- [EXERCISE INSTRUCTIONS] Copy all the lines of the listing below exactly. Skip the images.

- [DATA]
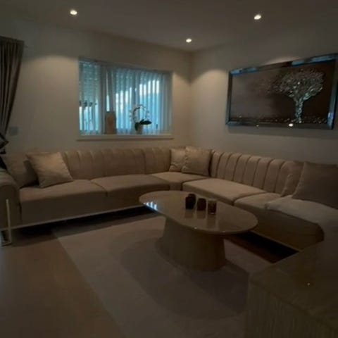 Hjørnesofa mål 288 x 343 x 150 høyde rygg 78 dybde 86 farge cool sand beige
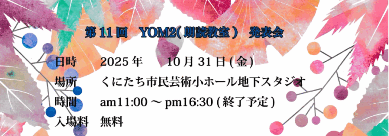 大木実香の たのしい朗読 リーディングクラブ・聞き手に届くお話キャッチボール お問合せ Reading Club たのしい朗読 「大人の絵本」を読んでみましょうショートストーリー・詩・エッセイ・童話、そして落語・ドラマ台本…ときには音楽をバックにいろいろなジャンルの朗読も楽しめます年齢・性別・経験問わず 大歓迎です! 第11回 YOM2(朗読教室)発表会:2025年10月31日(金)・くにたち市民芸術小ホール地下スタジオ Media & Profile 大木実香のメディア出演 パンフレット CM 大木実香プロフィール 教室案内 それぞれの教室をクリックして詳細をご覧ください YOM2 朗読教室立川 産経学園吉祥寺 リーディングレッスン個別・グループ リーディングレッスンは個人・グループともに受付中です! リーディングレッスンのページから詳細をご覧ください QUESTIONS? 個人・グループレッスンの内容やお仕事の依頼など、こちらからお問合せください お問合せ
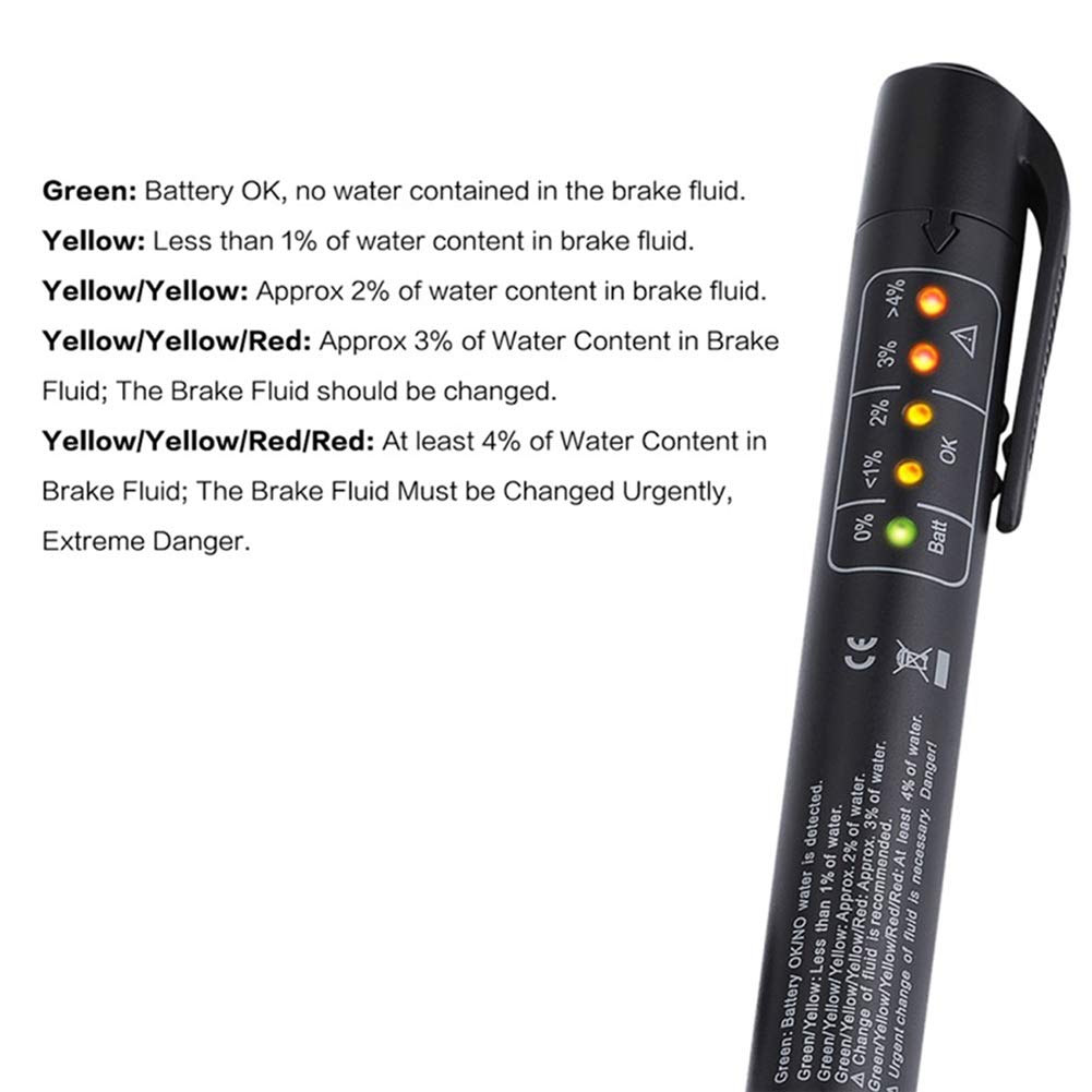 The tester can be used as a digital brake fluid tester suitable for determining brake fluid quality. Developed for professional use in astomotive repair shops and in servicing. Quality is tested and included on five LEDs in terms of ''per cent of water in the brake fluid . '' Ready for Brake Fluid Test Unscrew the brake fluid reservoir, and pull off the cap of the Brake fluid tester.Dip the test probes into the brake fluid up to the plastic rim of the device. To check Fluid Quality Press the button for power on, green LED will light up. Insert the tester into reservoir for one second then the tester result will be correctly indicated by LEDs.Repress the button for power off. The tester will automatically power off after about 15 seconds of inactivity. Tester Specification: 1. To check the quality of brake fluid quality 2. 5 LEDs to indicate percentage of water in the brake fluid 3. Automatically power off 4. Operated by a LR03 AAA 1.5V battery (Not included) Tester Instructions: Brake fluid detection pen is based on the change in conductivity to determine the moisture change brake fluid. It shows clearly the extent of moisture contained by the light-emitting diode, high moisture content will lead to lower boiling point, affect braking performance. Red indicates the brake fluid needs immediate replacement, green represents good condition, yellow indicates the state is acceptable but soon replaced. 1. the green LED lights = water content in the brake fluid H2O <1.5%, brake fluid qualified 2. the yellow LED lights = brake fluid water content H2O = 1.5% to 3%, can continue to use, test again six months later 3. the red LED lights = water content in the brake fluid H2O> 3%, can not continue to use the brake fluid needs to be replaced Red LED: change brake fluid Tester Features: Five LED indicators show1

- [ANSWER TO THIS PROBLEM]
 Hjørnesofa mål 288 x 343 x 150 høyde rygg 78 dybde 86 farge cool sand beige
 大木実香の たのしい朗読 リーディングクラブ・聞き手に届くお話キャッチボール お問合せ Reading Club たのしい朗読 「大人の絵本」を読んでみましょうショートストーリー・詩・エッセイ・童話、そして落語・ドラマ台本…ときには音楽をバックにいろいろなジャンルの朗読も楽しめます年齢・性別・経験問わず 大歓迎です! 第11回 YOM2(朗読教室)発表会:2025年10月31日(金)・くにたち市民芸術小ホール地下スタジオ Media & Profile 大木実香のメディア出演 パンフレット CM 大木実香プロフィール 教室案内 それぞれの教室をクリックして詳細をご覧ください YOM2 朗読教室立川 産経学園吉祥寺 リーディングレッスン個別・グループ リーディングレッスンは個人・グループともに受付中です! リーディングレッスンのページから詳細をご覧ください QUESTIONS? 個人・グループレッスンの内容やお仕事の依頼など、こちらからお問合せください お問合せ
 The tester can be used as a digital brake fluid tester suitable for determining brake fluid quality. Developed for professional use in astomotive repair shops and in servicing. Quality is tested and included on five LEDs in terms of ''per cent of water in the brake fluid . '' Ready for Brake Fluid Test Unscrew the brake fluid reservoir, and pull off the cap of the Brake fluid tester.Dip the test probes into the brake fluid up to the plastic rim of the device. To check Fluid Quality Press the button for power on, green LED will light up. Insert the tester into reservoir for one second then the tester result will be correctly indicated by LEDs.Repress the button for power off. The tester will automatically power off after about 15 seconds of inactivity. Tester Specification: 1. To check the quality of brake fluid quality 2. 5 LEDs to indicate percentage of water in the brake fluid 3. Automatically power off 4. Operated by a LR03 AAA 1.5V battery (Not included) Tester Instructions: Brake fluid detection pen is based on the change in conductivity to determine the moisture change brake fluid. It shows clearly the extent of moisture contained by the light-emitting diode, high moisture content will lead to lower boiling point, affect braking performance. Red indicates the brake fluid needs immediate replacement, green represents good condition, yellow indicates the state is acceptable but soon replaced. 1. the green LED lights = water content in the brake fluid H2O <1.5%, brake fluid qualified 2. the yellow LED lights = brake fluid water content H2O = 1.5% to 3%, can continue to use, test again six months later 3. the red LED lights = water content in the brake fluid H2O> 3%, can not continue to use the brake fluid needs to be replaced Red LED: change brake fluid Tester Features: Five LED indicators show1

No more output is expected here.